Relying on database vendor tuning ignores the massive application knowledge that the developer brings to bear on the problem. It is frequently impossible or startlingly difficult to take advantage of a priori knowledge about relationships in the database, access patterns, query frequency, peak activity, etc. As mentioned above, it is often impossible for applications to take advantage of the high-performance features that the databases offer. Even if they do help, critical performance tuning is relegated to the database vendors' engineers instead of to the application developers who understand the needs of the application better.

The second obstacle to high performance that SQL introduces is that of translation. Business logic is rarely encapsulated in SQL. Instead, it is formulated in standard programming languages, XML, Java Beans, or some other format. As such, resources are dedicated to translating from the application's "native" format to SQL and back again. This is wasted effort, both in implementation and in performance. Coding database accesses directly in a native interface leads to less code, a better overall design, easier tuning, and higher performance.

Reliance on SQL also introduces serious additional security risks. For example, it dramatically increases the safety of many systems to disallow generic queries, allowing access to the database only through a narrow protocol which supports only canned requests. "Narrowing the aperture" by disallowing generic queries means that breaking into the web server does not provide complete access to the database system.

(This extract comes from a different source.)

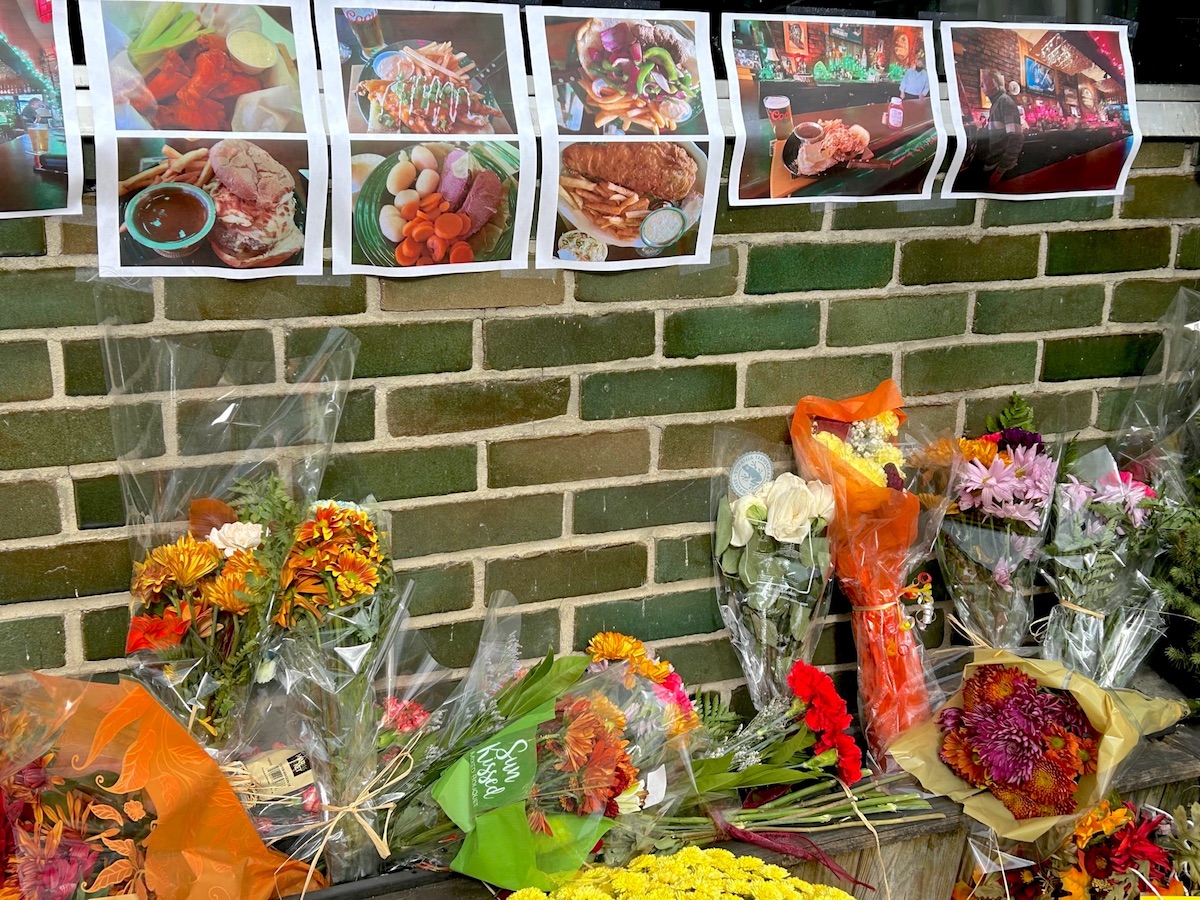 Anonymous donors, in memory of Tom O’Hara of O’Hara’s restaurant, leave flowers at the restaurant’s entrance. O’Hara passed away on Nov. 2. The restaurant, located at 191 Main St. in Owego, was a go-to for many. Many remember Tom’s excellent food, good conversation, and a welcoming atmosphere. (Photo by Wendy Post)

It is important to note that designing high-performance TP applications without SQL does not mean that ad hoc query mechanisms are unavailable. Instead, we propose using SQL for ad hoc queries, but using a more direct, programmatic, non client-server interface to the data for high performance concerns.

In conclusion, by definition, a high performance transaction-processing environment demands performance. As such, the overhead for an ad hoc query language that goes unused in this environment is an impediment. Instead, applications need the tools that empower them to directly and efficiently access and manipulate data. Both commercial vendors and the research community should devote time and energy to this endeavor.